Das grösste Gut ist hier Wollust,“

würde ganz für das Palais-Royal passen. Das Detail von seinen Herrlichkeiten, sowie von denen der Boulevards und des Pont-neuf, las man schon vor meiner Abreise in mehreren deutschen Journalen; und wenn ich Sie also geradezu in die allée des Soupirs führe, so kommen Sie an keinen unbekannten Ort. Hier muss ich Sie aber Ihrem Schicksal überlassen. Sehen Sie zu, wie Sie sich durch Scylla und Charybdis, die Braune und die Blonde, ohne zu scheitern durchschiffen. Verbinden Sie Ihre Augen, um nicht die vorüberrauschenden Schönen, deren Reize der Abend hebt, nicht ihre schmachtenden Blicke, nicht die Blumensträusse, die sie so freundlich darbieten, zu sehen; verstopfen Sie, wie Ulyss, Ihre Ohren, um weder jenes sanfte Gelispel, jene Tassoischen sorrisi, parolette e dolci stille di pianto o sospiri, jene lockenden „Viquets“ (wie geht’s) und „good night, my dear Sir!“ noch den Sirenengesang zu vernehmen:

„Aimons au moment du réveil,

Aimons au lever de l’Aurore,

Aimons au coucher du soleil,

Durant la nuit aimons encore.“

Trotz der etwas idealisierenden Erzählung Halem’s erkennt man, dass das Palais-Royal nichts weiter war als der Hauptversammlungsort der Freudenmädchen. Halem’s Schilderung ist deswegen von Interesse, weil ihr die Ehre widerfahren ist, von Arthur Chuquet, dem treuen Teutophilen, Freunde unserer Literatur und alter deutscher Bücher, ins Französische übersetzt zu werden[267]. Halem, der Mitglied des Jakobinerklubs wurde, berichtet auch haarsträubende Dinge über die sittliche Korruption in dem Hause, wo er Wohnung genommen hatte.
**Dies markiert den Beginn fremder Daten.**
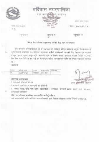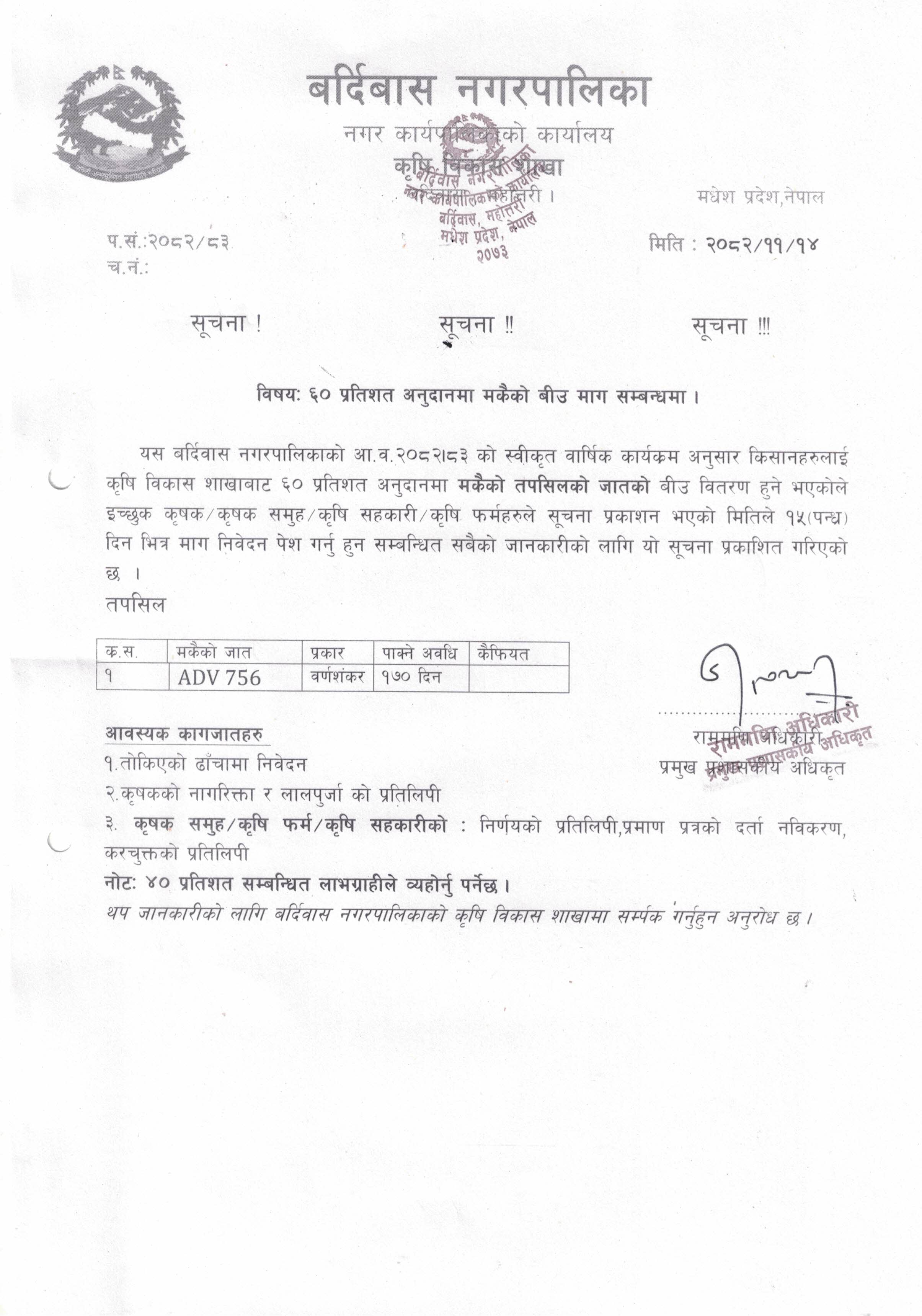 अनुदानमा मकैको बीउ माग गर्ने सम्बन्धि सूचना।

Wenn im Jahre 1772 der Marquis de Carraccioli noch bemerkt, dass das Palais-Royal die Promenade der Elegants sei, der Luxembourg die der Träumer, die Tuilerien, die „von aller Welt“, vor und nach der Oper, besonders des Abends, so konzentrierte sich nach dem Brande der Oper (1781) und nach der Umgestaltung des Palais-Royal durch den Bau von Galerien und Arkaden das gesamte Nachtleben von Paris an diesem Orte.[268] Hier spielten sich dann, besonders mit beginnender Dunkelheit, während der Revolution und des Direktoriums alle jene scheusslichen Szenen ab, deren wir zum Teil schon oben gedacht haben. Das Palais-Royal wurde eine „Höhle der Schurken und Dirnen“[269], die „Kloake von Paris“, wie es Mercier in „Le nouveau Paris“ und Rétif de la Bretonne in seinem grossen Werke über das Palais-Royal geschildert haben. Rétif hat das Leben im Palais-Royal untersucht wie „der Anatom den Leichnam“. Im „Monsieur Nicolas“ schreibt er 1796: „Man weiss, dass das neue Palais-Royal das allgemeine Rendez-vous der Leidenschaften, Unternehmungen, der Wollust, Prostitution, des Spiels, der Agiotage, des Geldverkehrs, der Assignaten, und daher das Zentrum für alle Beobachtungen geworden ist. Dieser berühmte Bazar zog mich nicht blos durch seine Sehenswürdigkeiten an, sondern auch durch die Vergnügungen, welche ich dort fand.“[270]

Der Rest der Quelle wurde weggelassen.